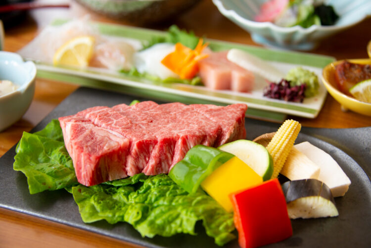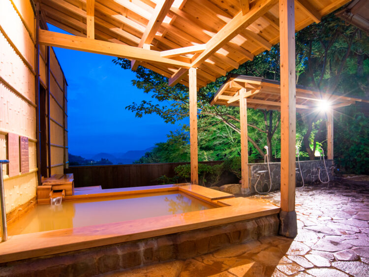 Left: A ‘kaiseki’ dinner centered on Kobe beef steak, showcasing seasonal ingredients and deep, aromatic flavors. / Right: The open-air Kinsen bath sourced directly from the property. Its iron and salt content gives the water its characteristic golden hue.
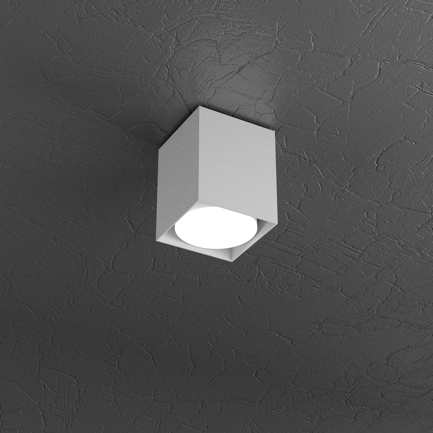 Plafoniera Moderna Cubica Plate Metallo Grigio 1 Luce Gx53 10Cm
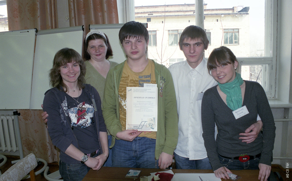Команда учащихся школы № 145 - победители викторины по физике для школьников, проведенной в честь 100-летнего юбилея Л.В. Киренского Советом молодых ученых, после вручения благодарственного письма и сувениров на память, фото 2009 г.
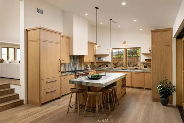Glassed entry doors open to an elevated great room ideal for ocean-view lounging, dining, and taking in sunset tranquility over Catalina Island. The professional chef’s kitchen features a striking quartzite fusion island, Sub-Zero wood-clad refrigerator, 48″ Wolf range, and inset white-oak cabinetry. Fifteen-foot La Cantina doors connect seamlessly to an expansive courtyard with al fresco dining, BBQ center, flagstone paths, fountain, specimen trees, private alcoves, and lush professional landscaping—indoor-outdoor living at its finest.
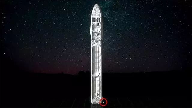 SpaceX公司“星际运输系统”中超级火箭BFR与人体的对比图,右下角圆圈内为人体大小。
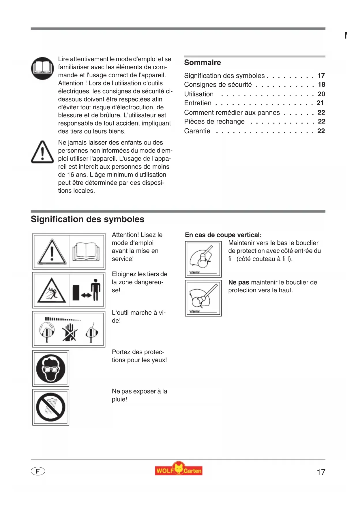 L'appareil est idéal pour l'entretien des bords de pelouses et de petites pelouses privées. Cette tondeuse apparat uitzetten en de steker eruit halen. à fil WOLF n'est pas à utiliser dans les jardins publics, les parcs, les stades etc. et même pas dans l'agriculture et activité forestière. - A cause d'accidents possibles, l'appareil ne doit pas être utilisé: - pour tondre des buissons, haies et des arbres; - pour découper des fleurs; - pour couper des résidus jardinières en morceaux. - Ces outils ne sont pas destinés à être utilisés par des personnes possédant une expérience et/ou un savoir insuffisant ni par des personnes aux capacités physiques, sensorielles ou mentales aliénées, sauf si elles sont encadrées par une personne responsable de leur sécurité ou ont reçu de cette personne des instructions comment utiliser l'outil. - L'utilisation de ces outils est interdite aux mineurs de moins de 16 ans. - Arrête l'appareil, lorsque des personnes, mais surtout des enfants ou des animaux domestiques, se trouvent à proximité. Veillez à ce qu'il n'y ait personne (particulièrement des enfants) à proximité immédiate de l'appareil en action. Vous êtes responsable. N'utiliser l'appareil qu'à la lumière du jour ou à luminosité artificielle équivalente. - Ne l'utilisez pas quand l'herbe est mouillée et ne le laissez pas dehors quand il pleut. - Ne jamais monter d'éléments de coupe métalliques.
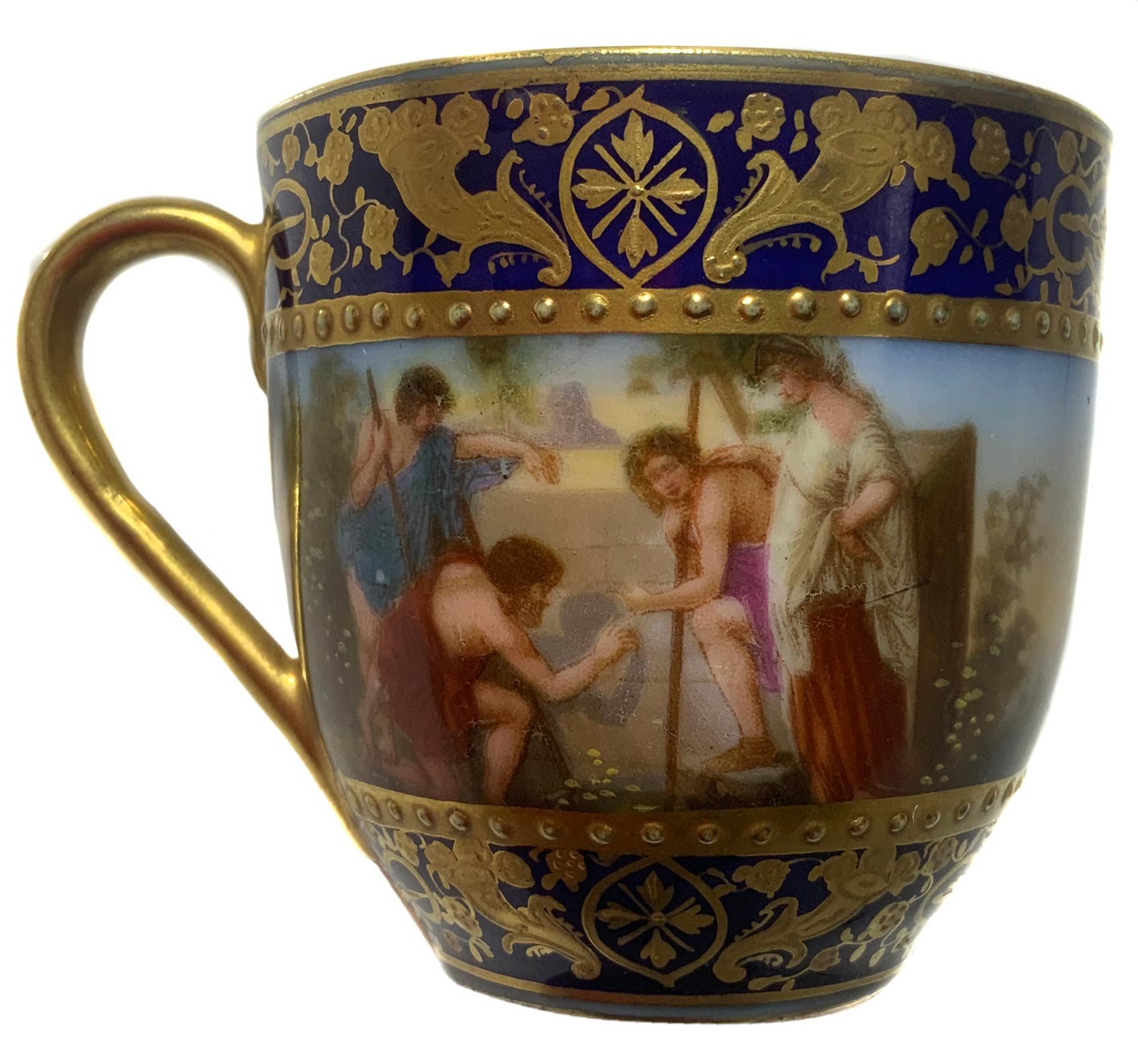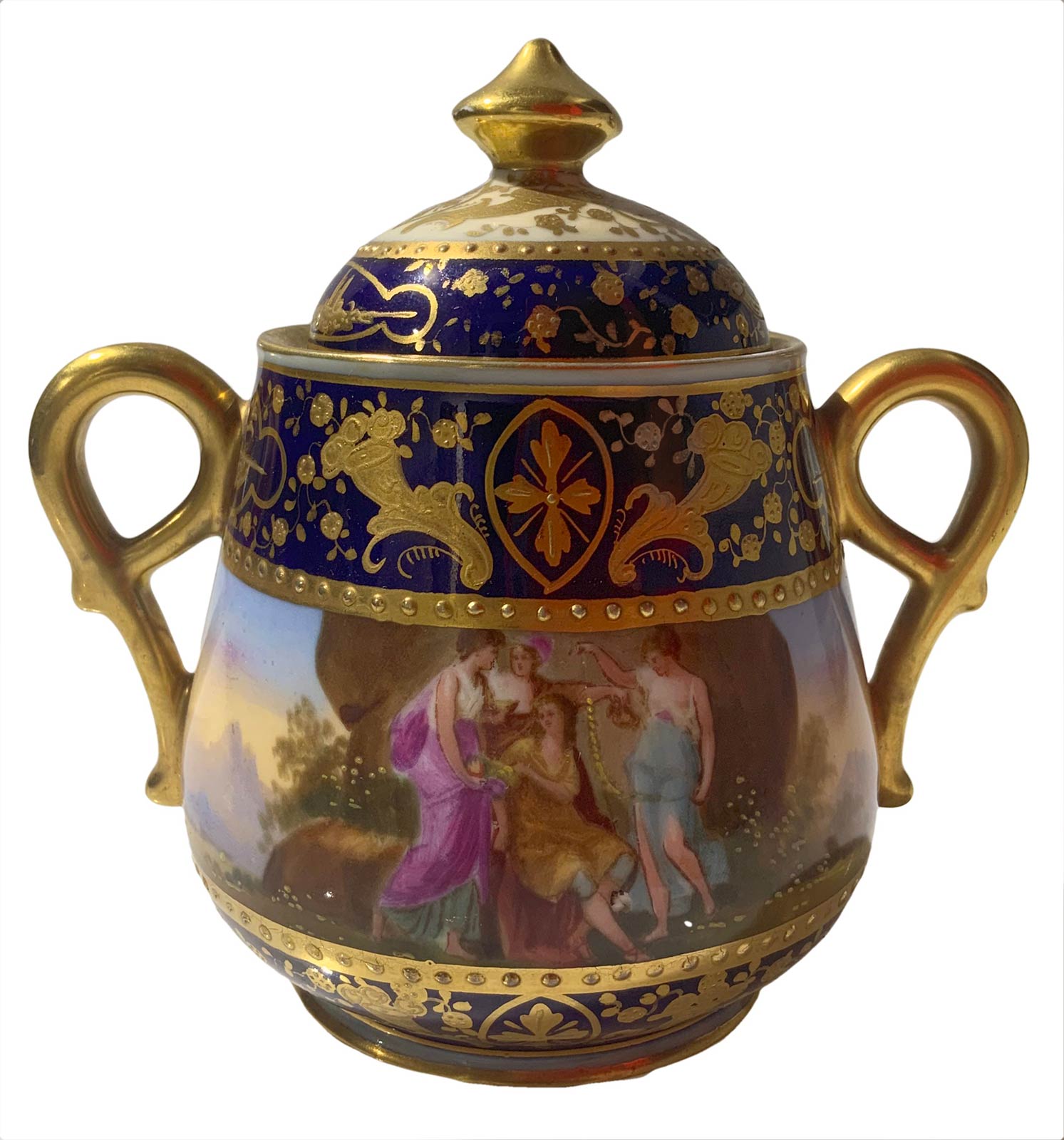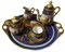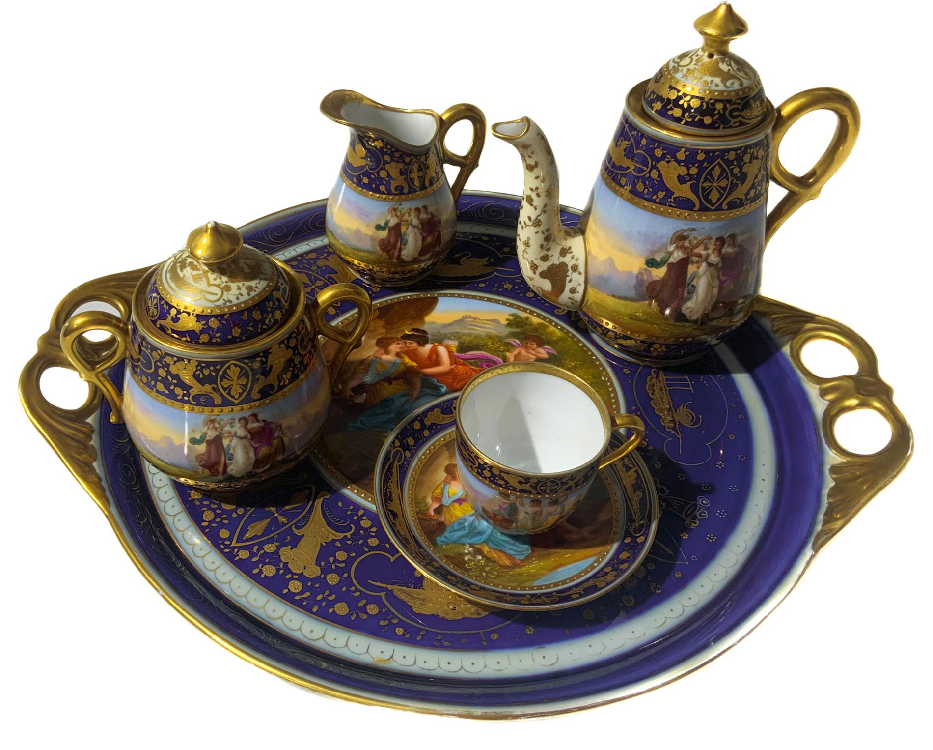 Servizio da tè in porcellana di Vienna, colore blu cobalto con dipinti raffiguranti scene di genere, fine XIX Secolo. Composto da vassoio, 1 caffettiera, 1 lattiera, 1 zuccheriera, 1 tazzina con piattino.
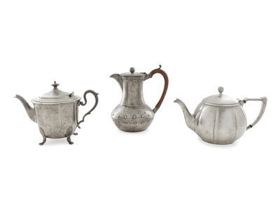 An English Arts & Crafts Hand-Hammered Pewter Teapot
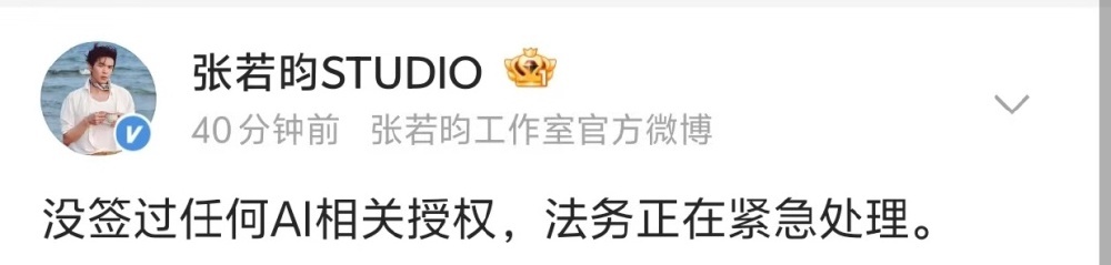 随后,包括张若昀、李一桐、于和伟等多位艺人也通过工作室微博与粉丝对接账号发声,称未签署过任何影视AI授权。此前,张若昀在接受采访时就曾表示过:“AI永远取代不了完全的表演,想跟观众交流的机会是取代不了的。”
━━━━━━━━━━━━━━━━━━━━━━━━━━━━━━
→ TASK
Every line from the one containing "Servizio da tè" through the last line of the data, both included, is to be repeated exactly; the pictures are to be left out.

→ ANSWER SPACE
 Servizio da tè in porcellana di Vienna, colore blu cobalto con dipinti raffiguranti scene di genere, fine XIX Secolo. Composto da vassoio, 1 caffettiera, 1 lattiera, 1 zuccheriera, 1 tazzina con piattino.
 An English Arts & Crafts Hand-Hammered Pewter Teapot
 随后,包括张若昀、李一桐、于和伟等多位艺人也通过工作室微博与粉丝对接账号发声,称未签署过任何影视AI授权。此前,张若昀在接受采访时就曾表示过:“AI永远取代不了完全的表演,想跟观众交流的机会是取代不了的。”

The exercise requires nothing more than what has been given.